Old Instructions On Converting Word To Xml

THL Toolbox > Essays > Creating an XML Essay for THDL > Old Instructions on Converting Word to XML

Old Instructions on Converting Word to XML

Preliminary Installation of Conversion Routine

The conversion routine is written in Visual Basic for Applications and is included within a word document, called “Text to XML Converter.doc”. It will only work on Windows machines. It is necessary to obtain this file and a few other supplementary ones for the conversion to run successfully. To set up one’s machine properly for conversion, do the following:

  1. Download the text2XML.zip package from THL website.
  2. Upzip it.
  3. Place the file called teiHeader.dat in the C:xml folder that is already on your hard drive from having set up Morphon.
  4. Save the other documents in a convenient folder anywhere on your hard drive.

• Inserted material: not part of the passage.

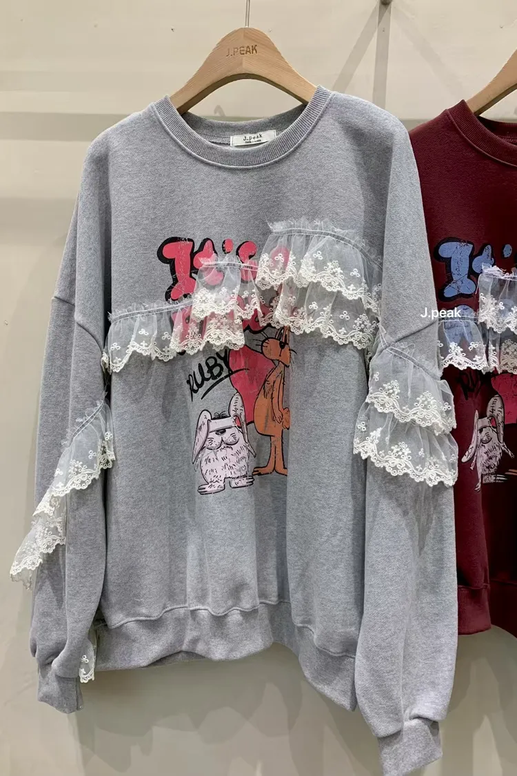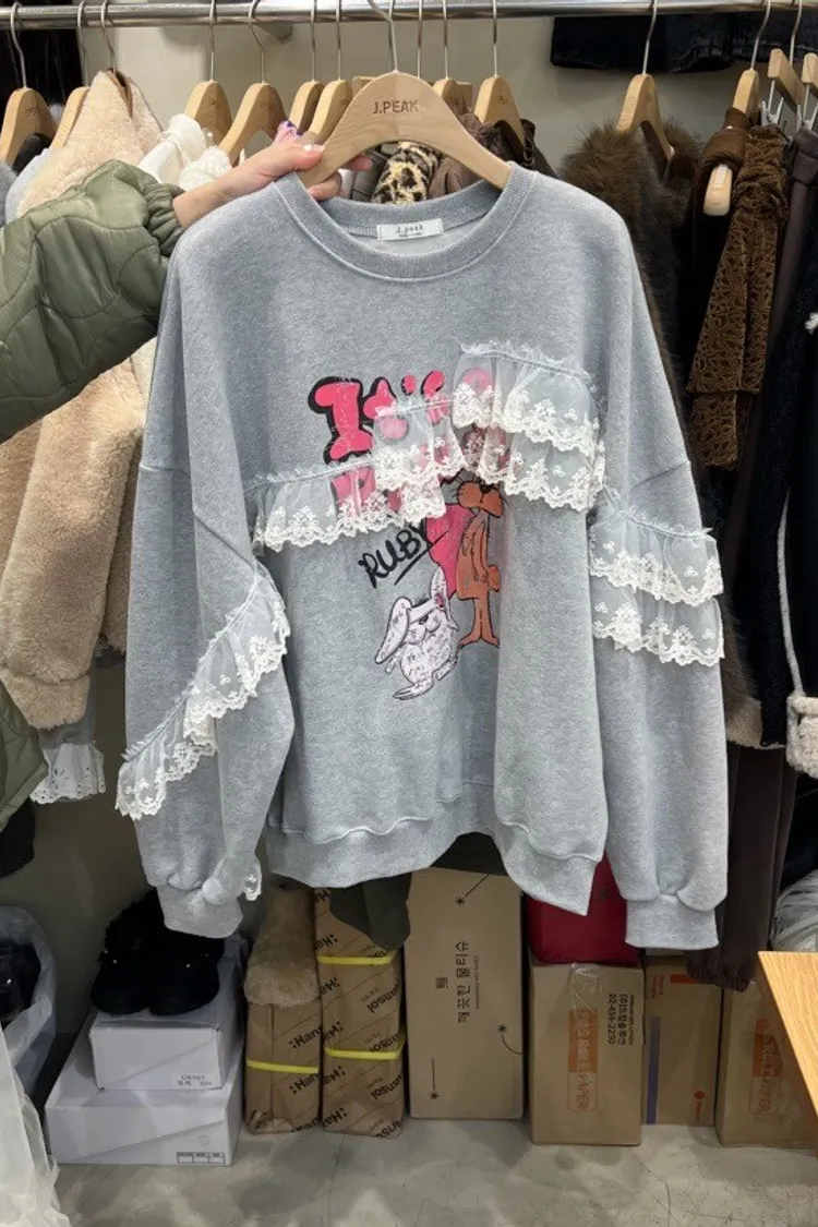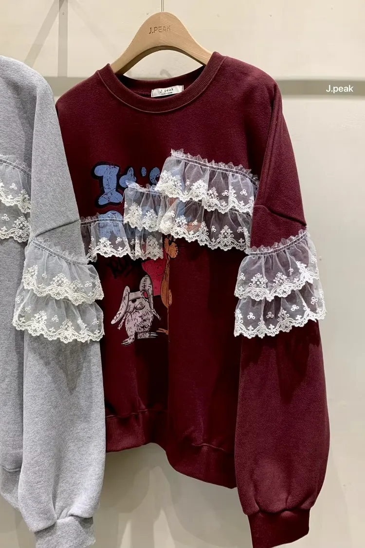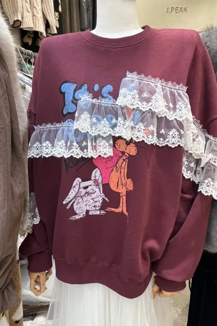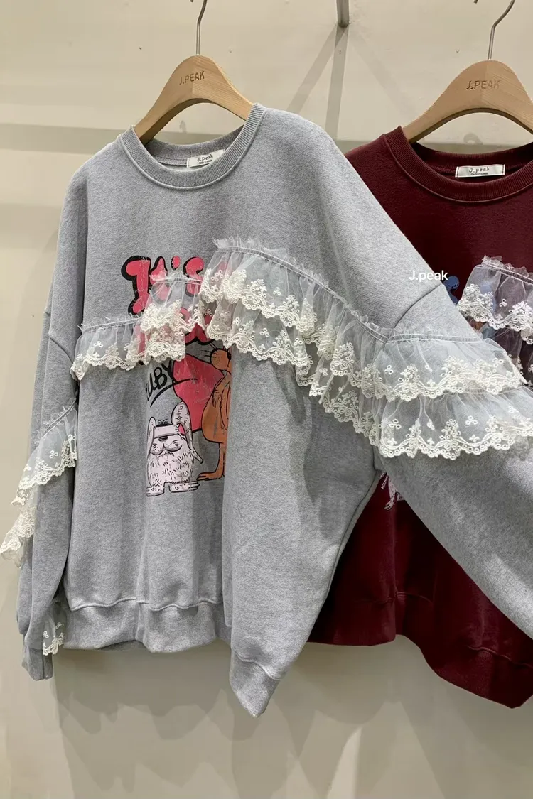 復古童趣蕾絲拼接印花加厚刷毛大學T

These other files are:
  5. external link: TextToXMLConverter.doc – the actual document that does the converting
  6. external link: metatable.doc – contains the metadata table that must be placed at the very topo of any document before conversion.
  7. THL Word to XML Manual.doc – the instructions for how to apply the styles to a particular document.

With these documents in place, one can next proceed to actually convert a Word document into an XML document.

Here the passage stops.